I am delighted to continue our author interview series with this conversation with sociologist Janet Vertesi . The goal for this interview series is to connect with researchers who are publishing outstanding social science and humanities books relevant to AIP’s focus on empowering physical scientists to create a better world . Dr. Vertesi specializes in the sociology of science, knowledge, and technology. She has spent more than a decade working among NASA’s robotic spacecraft teams as an ethnographer. In this interview we discuss her most recent book: Shaping Science: Organizations, Decisions, and Culture on NASA’s Teams , which draws on her research at NASA to delve into how a scientific team’s social organization can impact the results they yield.

Trevor Owens: Early in the book you establish “organized science” as a central framework for how you understand scientific work. Could you briefly describe this concept and why it ended up being critical to how you understand the teams you were embedded with at NASA?

Janet Vertesi: Organized science explains the connection between the way we organize scientists, and the kinds of scientific outcomes their teams produce. What I found when I studied NASA teams exploring the solar system – at the same time, in the same institutions, in the same field, sometimes even the same people – is that people behaved very differently depending on which mission organization they were interacting with. So it wasn’t about “personalities” or the form of the robot or the kind of planet they were studying: it was about the social organization. Just as people who studied factories found that the way the work was organized was stamped indelibly on its outcomes, I discovered an isomorphism between social organization and scientific outcomes. Just in this case, the outcomes aren’t widgets or profits, they’re things like data, scientific questions, and peoples’ careers.

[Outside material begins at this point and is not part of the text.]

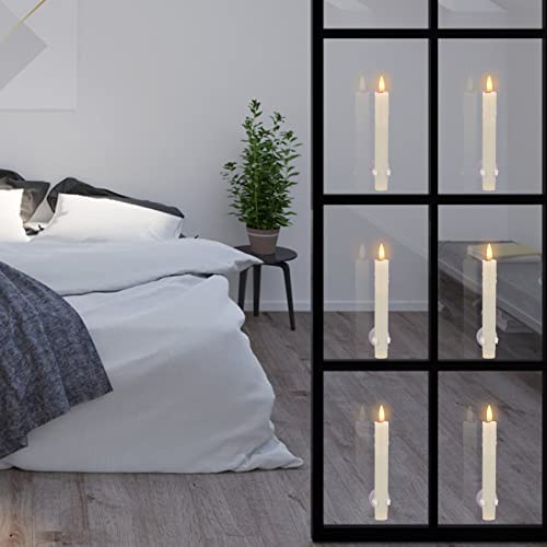 NOMFIX Ivory Flameless Taper Candles with Remote Timer, 7.48 Inches Drip Wax Look Flameless Candlesticks, Battery Operated Led Window Candles with 3D Wick for Fireplace Xmas Christmas-6 Pack

Organized science takes insights from the study of other kinds of organizations in the world and applies it to the sciences. First, science teams are organizations with their own structures, cultures, rituals, governance mechanisms, and decision-making processes, and we should study them using organizational tools. Second, the choice of these different organizational elements shapes the knowledge teams produce: what we know about what’s out there in the world, how we come to appreciate our instruments, what kind of data we collect and how we share it, and even the careers of men, women, and minorities in the field. Third, every time we study something “out there” using these scientific organizations, we re-encounter our own organization, producing a looping effect that it’s difficult to break out of.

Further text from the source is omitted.